Step 1 focuses on realizing that a particular action doesn’t make sense, that perhaps it doesn’t match up with someone’s goals or doesn’t contribute to that person’s overall well-being. Ludwig and colleagues call this “goal-incongruent behavior.” Say someone eats beyond the point of being full. In Ludwig’s framework, the first step entails acknowledging that overeating.

From there, the framework moves through phases from understanding the outcome of the action and what triggers it—in the food example, what causes someone to keep eating and how the body feels afterward—to exploring alternative behaviors and how to enact them.

“In the final step, you become aware of how the new behavior feels physically and emotionally,” she says. “The idea is that the brain reward system will then update the reward signal to encode the reward value of the new option as higher.

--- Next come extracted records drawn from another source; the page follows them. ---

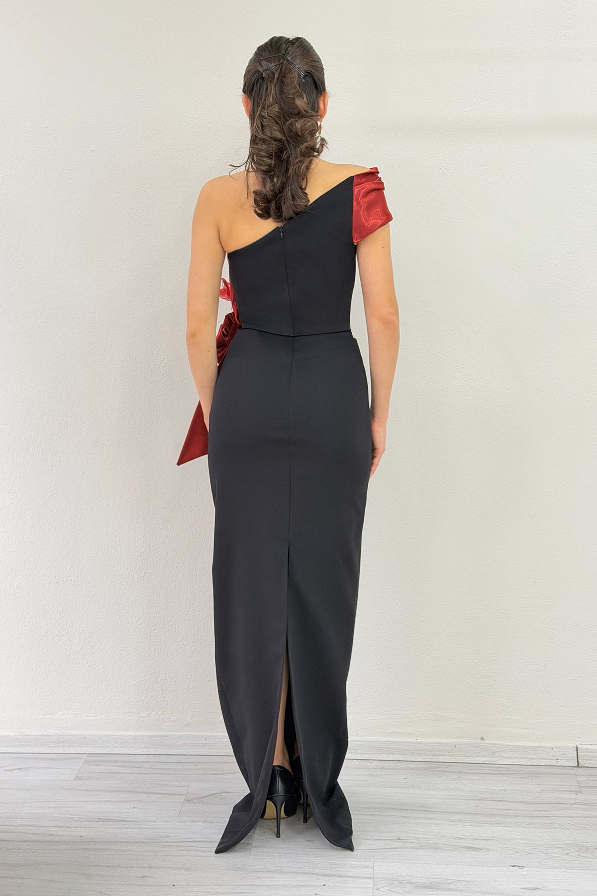Women's One-Shoulder Burgundy Striped Rose Detail Mermaid Evening Dress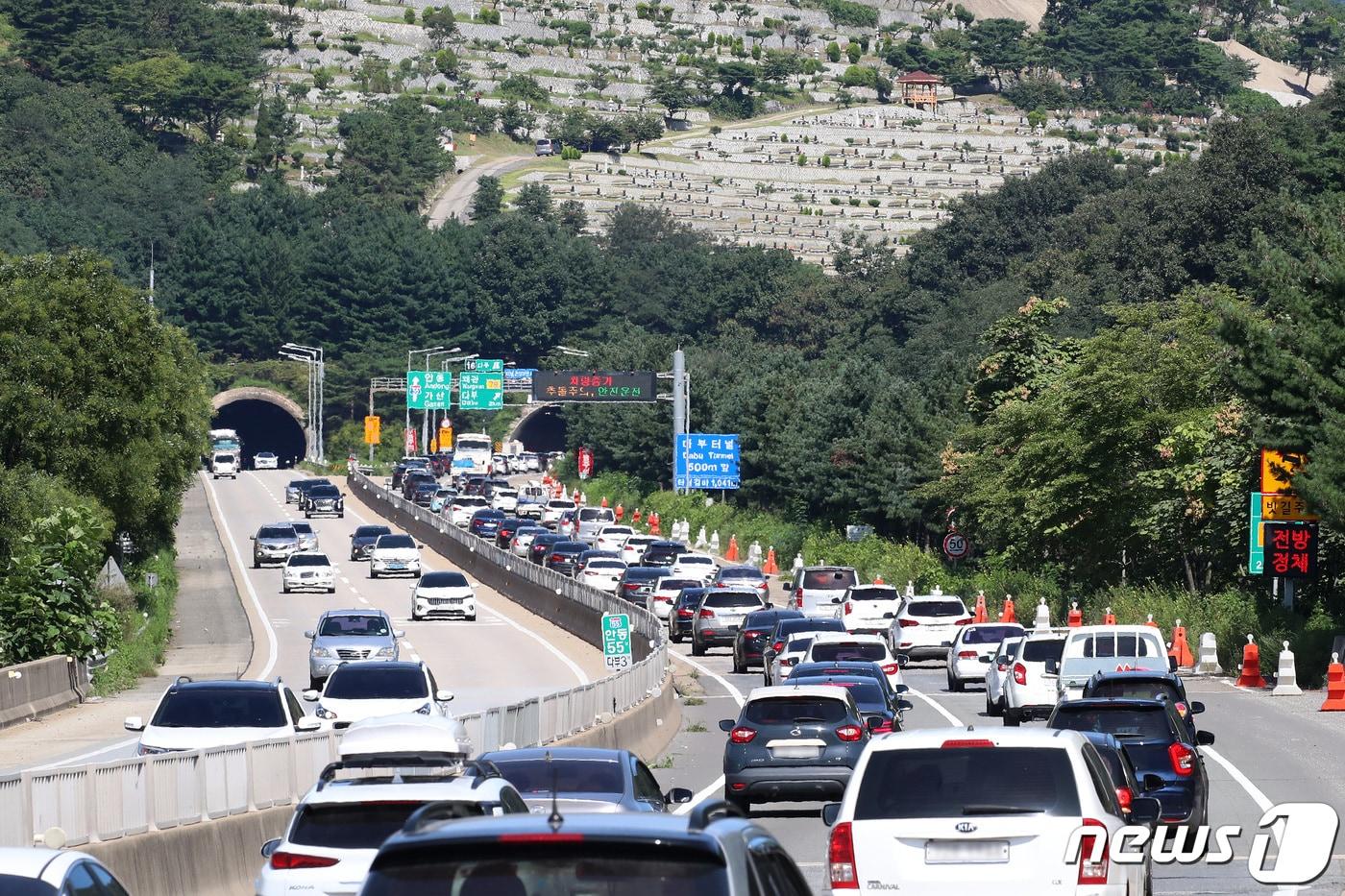 결실의 계절 가을을 맞아 9월 한달간 경북 곳곳에서 가을축제가 열린다. 사진은 추석 명절을 2주 앞둔 28일 오전 경북 칠곡군 중앙고속도로 춘천 방향 다부터널 주변이 성묘와 나들이객 차량으로 정체를 빚는 모습. (사진은 기사 내용과 무관함) 2022.8.28/뉴스1 ⓒ News1 공정식 기자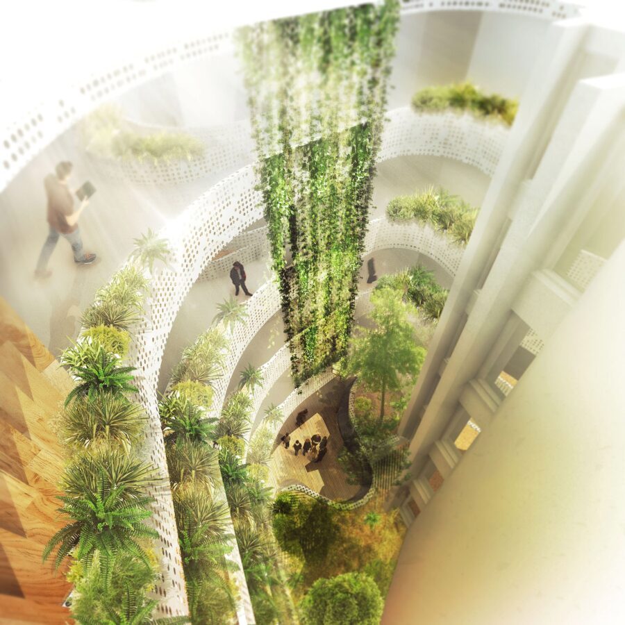This landscape will extend from the ground’s treed reflection space to 5 storeys; including continuous planters, providing a green feather edge and link bridges throughout. A vertical green trellis provides a green ribbon link from the ground to all the levels.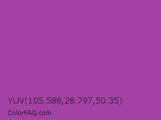 YUV 105.588,28.797,50.35 Color is a normal magenta color and the nearest color is Purpureus #9a4eae. Hex code #a341a4 and RGB value is rgb(163,65,164). In RGB color space, this color is composed of 64% red, 25% green, 64% blue, In CMYK color space, this color is composed of 1% cyan, 60% magenta, 0% yellow , 36% black , In HSL color space, this color has a hue angle of 299° , 43% saturation and 45% lightness.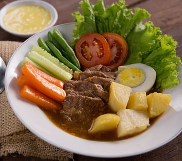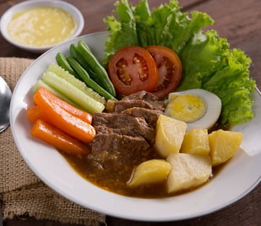 Selat Solo: True to its name, this dish is a culinary specialty of Central Java originating from Solo (Surakarta). It features a mix of vegetables such as green beans, carrots, and potatoes, topped with sliced meat roulade (or minced beef patty) and green peas. The entire dish is then generously coated with a savory, slightly sweet, reddish-orange sauce.

Then we may effortlessly act this way in the future.” For mindless eating, a new behavior might look like assessing how a 15-minute pause feels to the body before deciding whether to have seconds.

“Studies show that behaviors that are aligned with our goals and values subjectively feel better than those that are not. The hope is that simply by paying attention, we can notice that the new behavior is really beneficial,” Ludwig says. “When we get a positive outcome, the new behavior gets reinforced” in the brain.

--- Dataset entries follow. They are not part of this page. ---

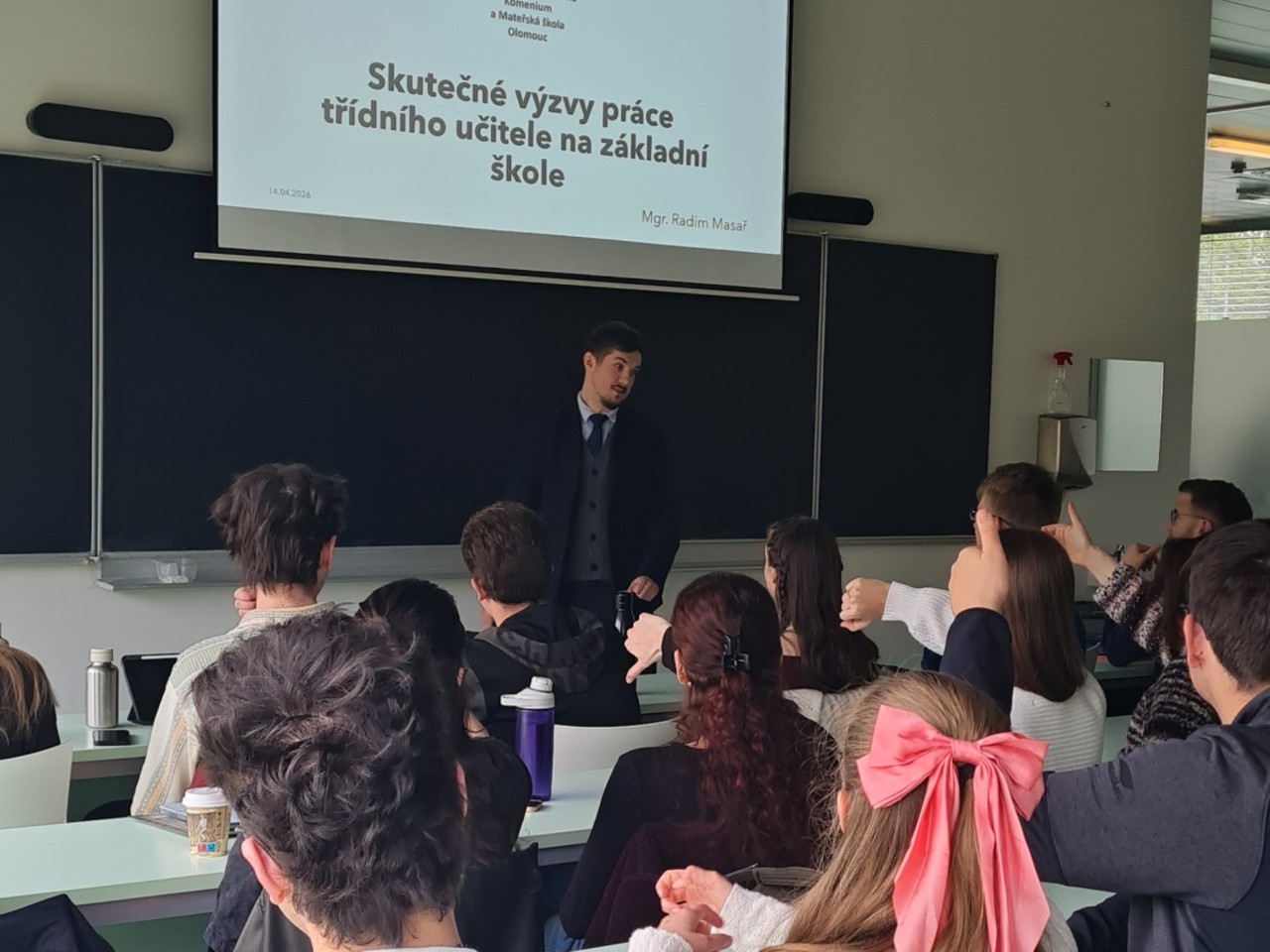 „Beseda s názvem Skutečné výzvy práce třídního učitele na ZŠ nabídla otevřený a místy velmi autentický pohled na profesi, která zdaleka nespočívá pouze ve výuce. Radim Masař sdílel zkušenosti ze své šestileté praxe. Zaměřil se zejména na otázky komunikace se žáky a rodiči, na práci se žáky se speciálními vzdělávacími potřebami, na své zkušenosti s OSPOD při řešení neomluvených absencí žáků 9. ročníku či případů domácího násilí,“ uvedla organizátorka akce Jana Slezáková.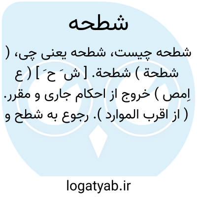 ( شطحة ) شطحة. [ ش َ ح َ ] ( ع اِمص ) خروج از احکام جاری و مقرر. ( از اقرب الموارد ). رجوع به شطح و شطحات و شطحیات شود.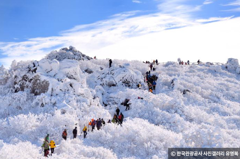 무주 덕유산은 우리나라 겨울 여행지 하면 빼놓을 수 없는 대표적인 설산 명소입니다. 덕유산 리조트에서 곤돌라를 타면 해발 1,500m 설천봉까지 올라갈 수 있어 등산 초보도 어렵지 않게 설산을 만날 수 있습니다. 곤돌라를 타는 시간은 약 20분 정도이며, 설천봉에서 정상까지는 약 600m가량 도보로 이동해야 합니다. 설천봉엣 덕유산 정상인 항적봉으로 가는 길은 아름다운 상고대로 가득합니다. 주목, 구상나무, 철쭉나무 등에 핀 눈꽃은 추위도 잊게 할 만큼 절경을 자랑합니다. 카메라 필터의 힘을 빌리지 않아도 만족스러운 사진을 남길 수 있습니다.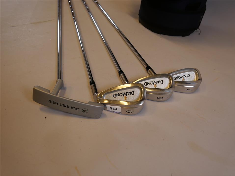564. GOLFBAG Samt 4 klubbor, Dimond 6, 7, 8, Putter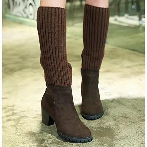(WKIDWX)/Women's/Boots/DIRECT FROM USA/Women's Shoes Knit Spring Fall Comfort Fashion Boots Boots For Casual Brown Black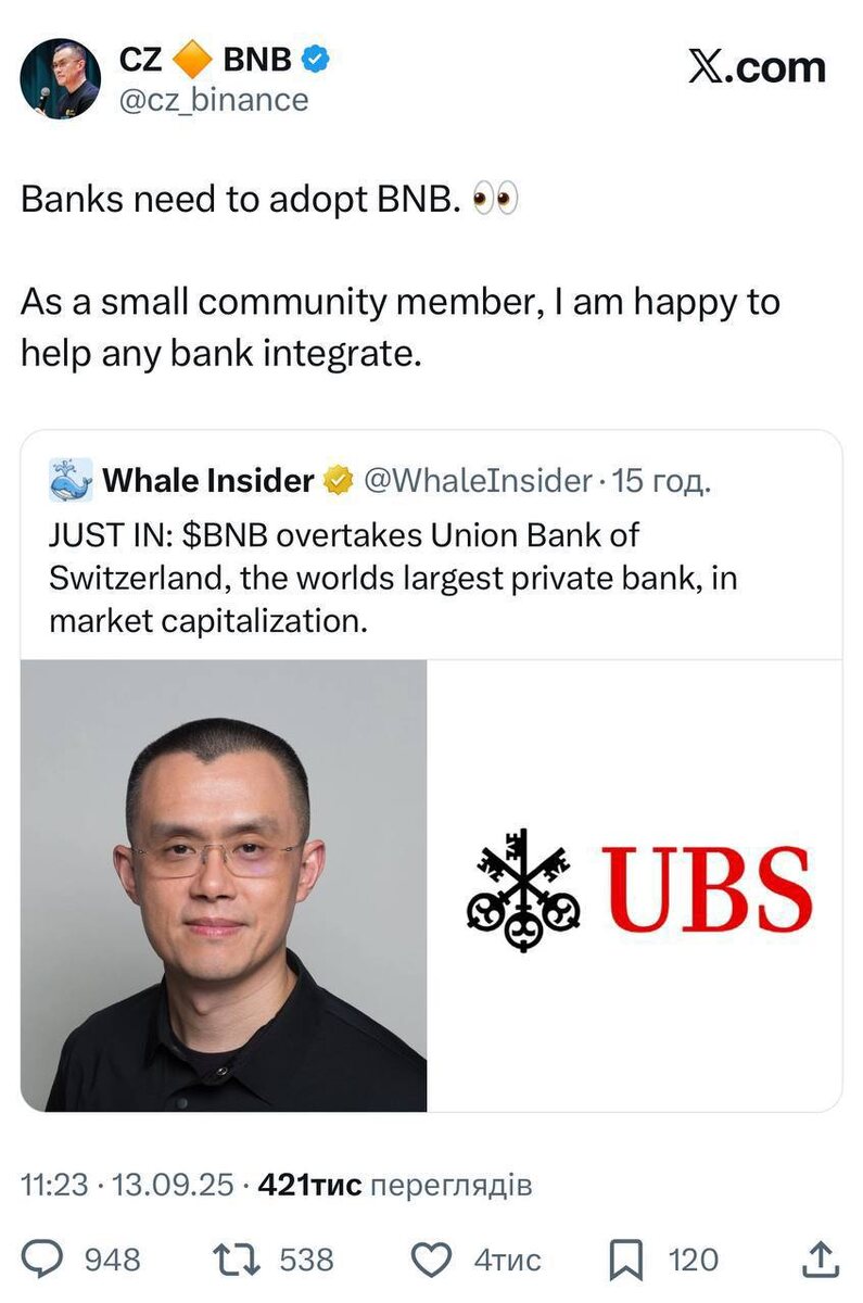 CZ предложил банкам интегрировать $BNB Глава Binance заявил, что готов лично помогать любому банку, который решится внедрить токен в свои сервисы. 🎁 Купить NFT Telegram на Tonnel или Portal Крипто-Визионер | Подписаться
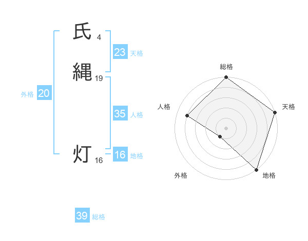 氏縄 灯さんの総格は39画の5点!

Mindfulness isn’t the opposite of productivity and goal-achieving, she adds. “Some people are opposed to developing their mindfulness skills. They think they won’t reach their goals because they’re just sitting around meditating,” she says. “But we can combine the two. We can use awareness to reach our goals and be happier.”

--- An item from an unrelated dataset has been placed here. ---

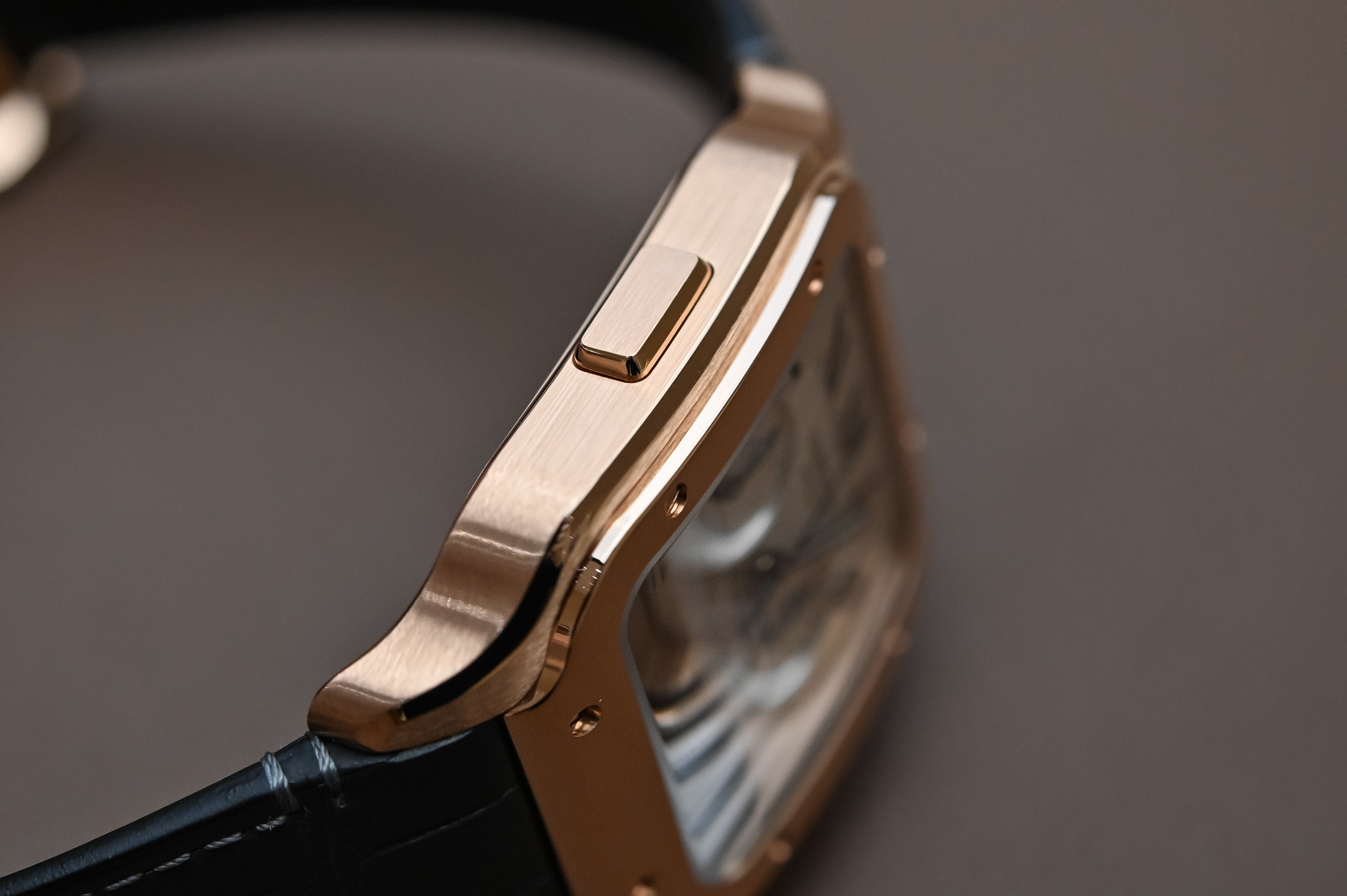 The first impression has to do with the size of the Santos de Cartier Chronograph, currently the biggest brother in the line-up of Santos watches. Touted as an ‘Extra Large’, the case measures 43.3mm x 51.4mm with a thickness of 12.5mm, but the gently curved lugs and integrated bracelet/strap attenuate its corpulence. The revisited case shape of 2018, with its softly rounded edges, sleek satin-brushed case and polished bezel and screws, conveys an immediate sense of luxury and you can feel the reassuring weight of the pink gold. Cartier has a unique ability to create interesting case shapes (see here for the latest revamping of the 1906 Tonneau watch), and even a ‘square’ watch like the Santos comes alive with movement and contrasting surfaces. I love the subtle wave shape on the right side of the case and the aperture it creates to embrace the crown and was impressed by the overall fluidity and sophisticated ergonomics of the case. Another big plus is the 100m water-resistance of the case.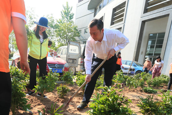 芳菲四月,草木蔓发。为了进一步打造整洁、美丽、绿色的校园环境,切实发挥党员的先锋模范带头作用,培养师生的生态环保意识和爱校意识,近日,机关党总支第一支部、学工支部联合开展了“爱绿护绿 携手共建美丽校园”党员活动日实践活动。党委书记祝木伟以普通党员身份参加本次活动。

To that end, Ludwig offers six pointers for anyone attempting to keep New Year’s resolutions:

1. Pay attention

She suggests people observe their bodies, thoughts, and emotions daily. “With mindfulness, we can observe our habits instead of trying to force ourselves to do things differently,” she says. “Ask yourself, “What does my body feel like? Does it have a desire to move more? To stretch more? How does it really feel when I eat all this food?” And then just observe the answers. That allows us to try out different behaviors.”

2. Write it down

A few years ago, Ludwig did what she describes as a “one-person self-observation study.” Nearly every day for eight weeks, she went out for a run. But each day, she also wrote down any thought she had that might have prevented her from meeting her goal: It was too cold out. She was too tired. She didn’t feel like running. “The funniest thought that kept repeating was this feeling of dread,” she says. “I did finish what I set out to do, but I also observed that I had set a goal that was too hard for me.”

3. Set reasonable goals

This may still mean, for instance, a desire to increase exercise frequency or duration in the New Year. Do it in a way that’s not forceful but “self-loving and friendly,” Ludwig says. “It can be an experiment. What happens to my body and my well-being if I take a more self-compassionate approach to changing habits?”

4. Give it time

Reprogramming the brain’s reward circuits won’t happen instantaneously. In an unpublished study by colleagues at Brown to which Ludwig contributed, the authors found that repeated awareness of a behavior changed its reward value. However, paying attention fewer than 10 times did not always lead to desirable changes for the study subjects. That was in relation to cravings for unhealthy food, but Ludwig says this might apply across the board.

5. Practice meditation

Ludwig understands this isn’t for everyone. But she’s also a big fan of mindfulness and says it’s beneficial even just five or 10 minutes. Practice mindfulness while sitting, walking, doing routine activities, even listening to music, she says.

“Mindfulness means that you’re not judging yourself. You’re observing what is there and letting it be. You’re in the moment and seeing whatever is there—negative or positive—and you accept it,” she says. “Paradoxically, being present with an immediate experience might allow you to start acting in ways that will help you achieve your goals without forcing yourself. After all, you can only work toward your goals in the here and now; being present might make the process more enjoyable.”